• **Brief**
The part below that opens with the line containing "El turrón de" and closes with the line containing "Timber flooring and" should be copied exactly, minus any pictures.

• **Records to process**
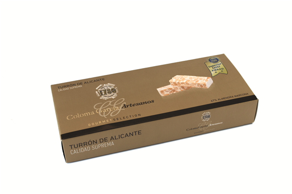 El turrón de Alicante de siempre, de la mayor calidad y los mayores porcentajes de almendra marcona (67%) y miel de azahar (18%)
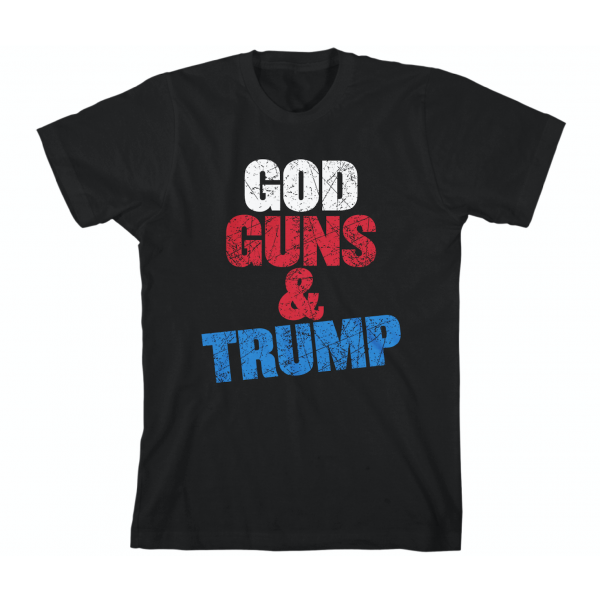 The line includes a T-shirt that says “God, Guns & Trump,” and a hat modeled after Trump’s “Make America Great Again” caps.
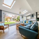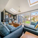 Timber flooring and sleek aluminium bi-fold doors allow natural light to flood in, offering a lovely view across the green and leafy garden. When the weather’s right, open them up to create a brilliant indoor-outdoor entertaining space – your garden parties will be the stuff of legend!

==

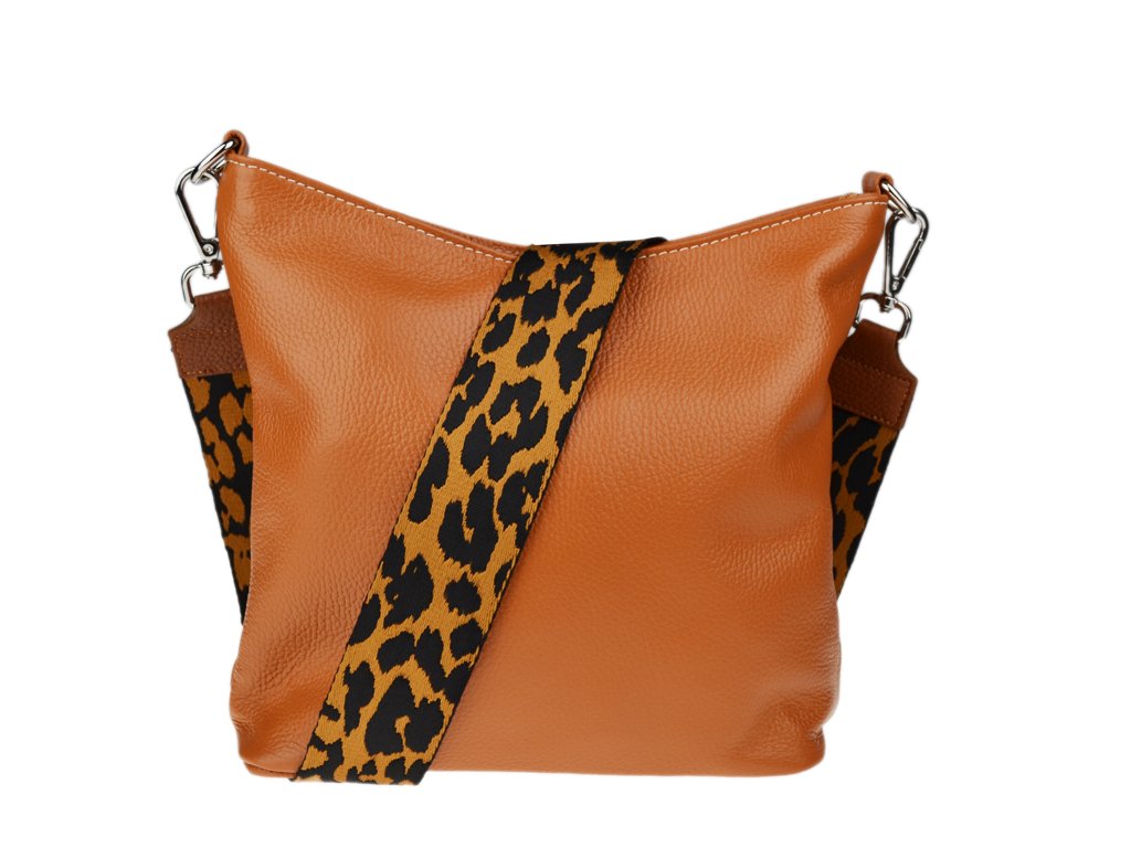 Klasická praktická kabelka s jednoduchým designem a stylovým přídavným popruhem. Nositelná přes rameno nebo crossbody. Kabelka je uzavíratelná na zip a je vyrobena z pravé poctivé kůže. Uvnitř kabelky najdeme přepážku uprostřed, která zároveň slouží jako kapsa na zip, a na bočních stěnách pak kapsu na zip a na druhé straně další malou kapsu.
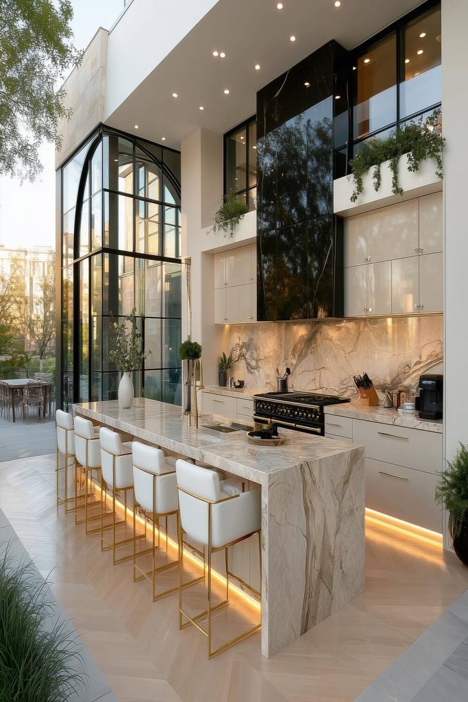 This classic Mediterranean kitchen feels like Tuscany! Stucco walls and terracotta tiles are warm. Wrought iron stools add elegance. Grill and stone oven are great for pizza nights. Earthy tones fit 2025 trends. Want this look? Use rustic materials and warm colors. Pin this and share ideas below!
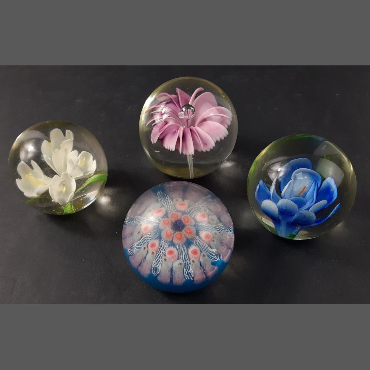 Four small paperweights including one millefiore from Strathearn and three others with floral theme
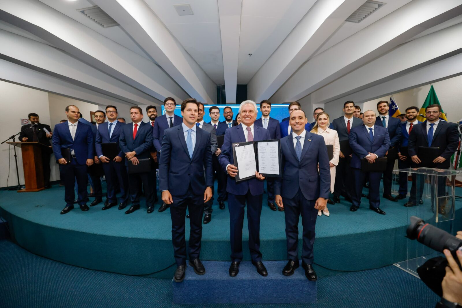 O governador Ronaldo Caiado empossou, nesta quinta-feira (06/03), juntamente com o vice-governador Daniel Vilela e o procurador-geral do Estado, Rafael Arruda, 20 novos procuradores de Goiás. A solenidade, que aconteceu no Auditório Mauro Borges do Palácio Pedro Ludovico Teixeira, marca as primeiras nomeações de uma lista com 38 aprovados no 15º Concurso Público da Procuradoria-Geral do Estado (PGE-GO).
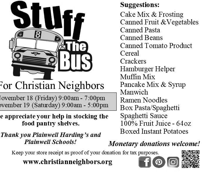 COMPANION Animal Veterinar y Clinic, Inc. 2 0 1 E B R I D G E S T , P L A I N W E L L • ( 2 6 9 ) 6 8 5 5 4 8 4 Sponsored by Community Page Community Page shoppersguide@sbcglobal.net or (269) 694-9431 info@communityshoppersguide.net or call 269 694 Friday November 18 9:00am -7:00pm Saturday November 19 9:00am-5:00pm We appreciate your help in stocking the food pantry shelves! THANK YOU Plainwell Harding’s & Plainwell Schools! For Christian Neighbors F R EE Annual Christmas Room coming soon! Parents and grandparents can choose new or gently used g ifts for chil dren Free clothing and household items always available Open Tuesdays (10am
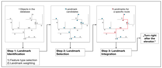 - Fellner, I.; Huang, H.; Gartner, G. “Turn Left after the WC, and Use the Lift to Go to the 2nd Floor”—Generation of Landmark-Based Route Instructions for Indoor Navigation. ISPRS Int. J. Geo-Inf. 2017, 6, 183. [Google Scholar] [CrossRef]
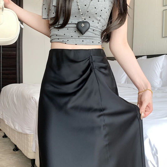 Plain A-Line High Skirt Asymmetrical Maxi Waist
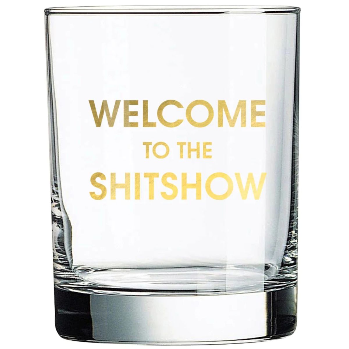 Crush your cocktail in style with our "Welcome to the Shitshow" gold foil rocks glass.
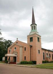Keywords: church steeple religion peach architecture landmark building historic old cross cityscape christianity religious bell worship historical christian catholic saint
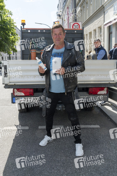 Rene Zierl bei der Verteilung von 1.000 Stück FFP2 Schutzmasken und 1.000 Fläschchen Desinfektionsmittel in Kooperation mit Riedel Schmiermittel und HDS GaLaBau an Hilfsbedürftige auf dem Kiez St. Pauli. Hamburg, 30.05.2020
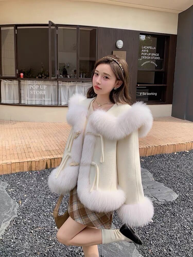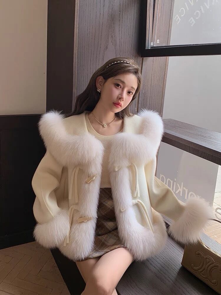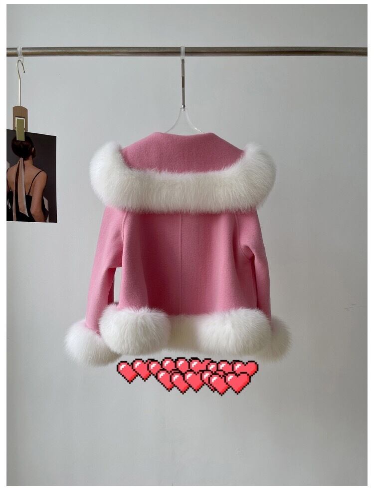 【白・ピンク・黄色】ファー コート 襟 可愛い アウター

* * *

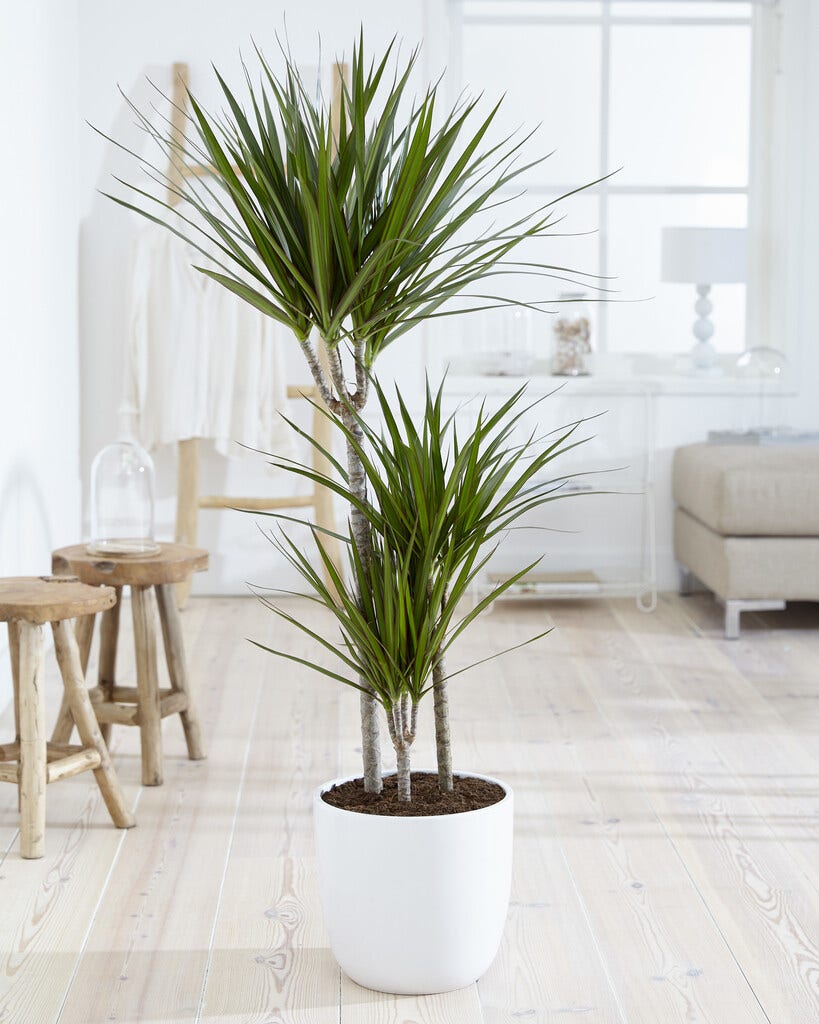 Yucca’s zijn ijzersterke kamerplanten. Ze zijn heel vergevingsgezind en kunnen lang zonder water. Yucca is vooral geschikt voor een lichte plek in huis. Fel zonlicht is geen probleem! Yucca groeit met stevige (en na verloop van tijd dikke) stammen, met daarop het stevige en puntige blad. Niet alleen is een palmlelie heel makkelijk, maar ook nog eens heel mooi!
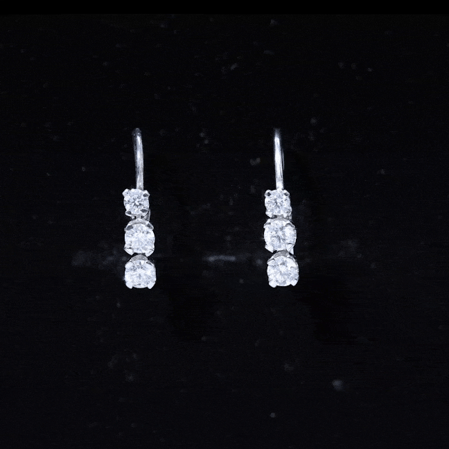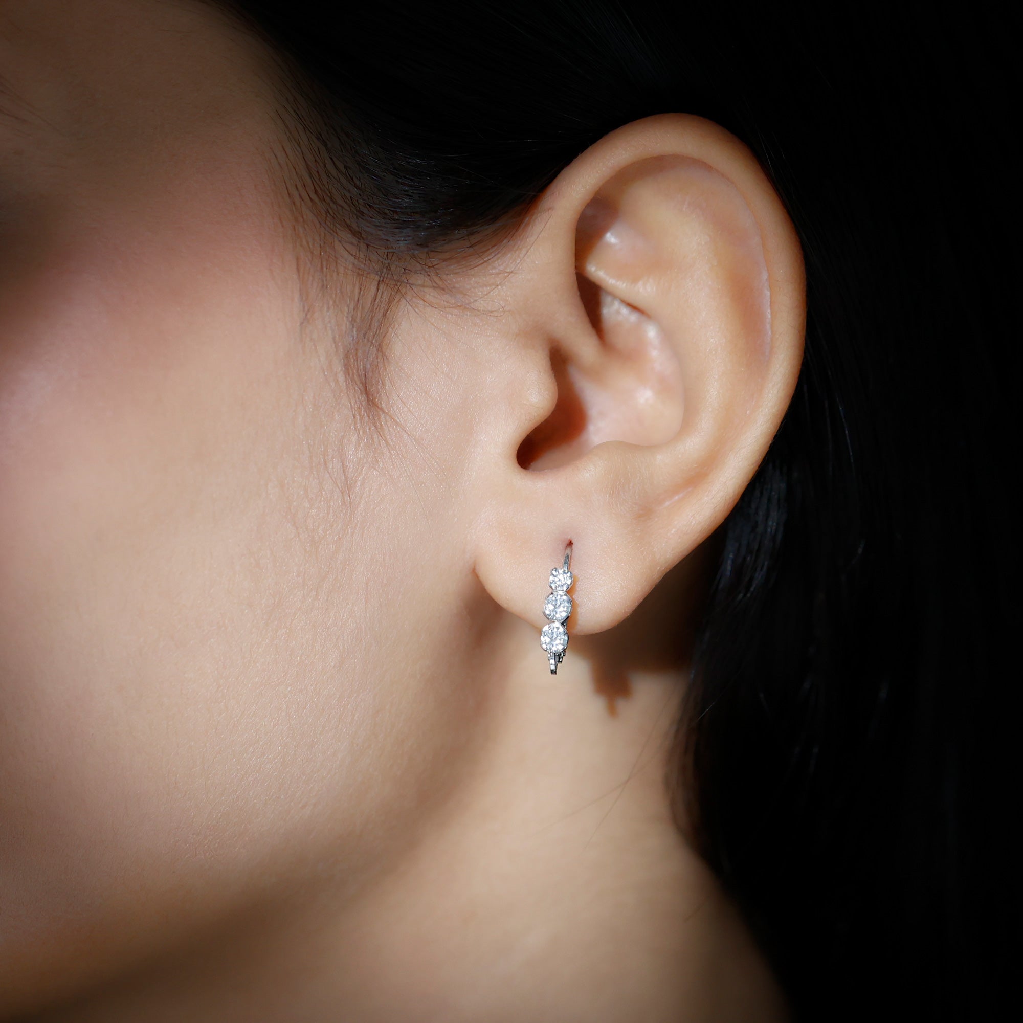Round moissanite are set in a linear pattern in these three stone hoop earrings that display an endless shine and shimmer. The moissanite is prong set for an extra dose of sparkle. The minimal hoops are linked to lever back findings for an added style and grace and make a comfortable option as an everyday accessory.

• **Task response**
 El turrón de Alicante de siempre, de la mayor calidad y los mayores porcentajes de almendra marcona (67%) y miel de azahar (18%)
 The line includes a T-shirt that says “God, Guns & Trump,” and a hat modeled after Trump’s “Make America Great Again” caps.
 Timber flooring and sleek aluminium bi-fold doors allow natural light to flood in, offering a lovely view across the green and leafy garden. When the weather’s right, open them up to create a brilliant indoor-outdoor entertaining space – your garden parties will be the stuff of legend!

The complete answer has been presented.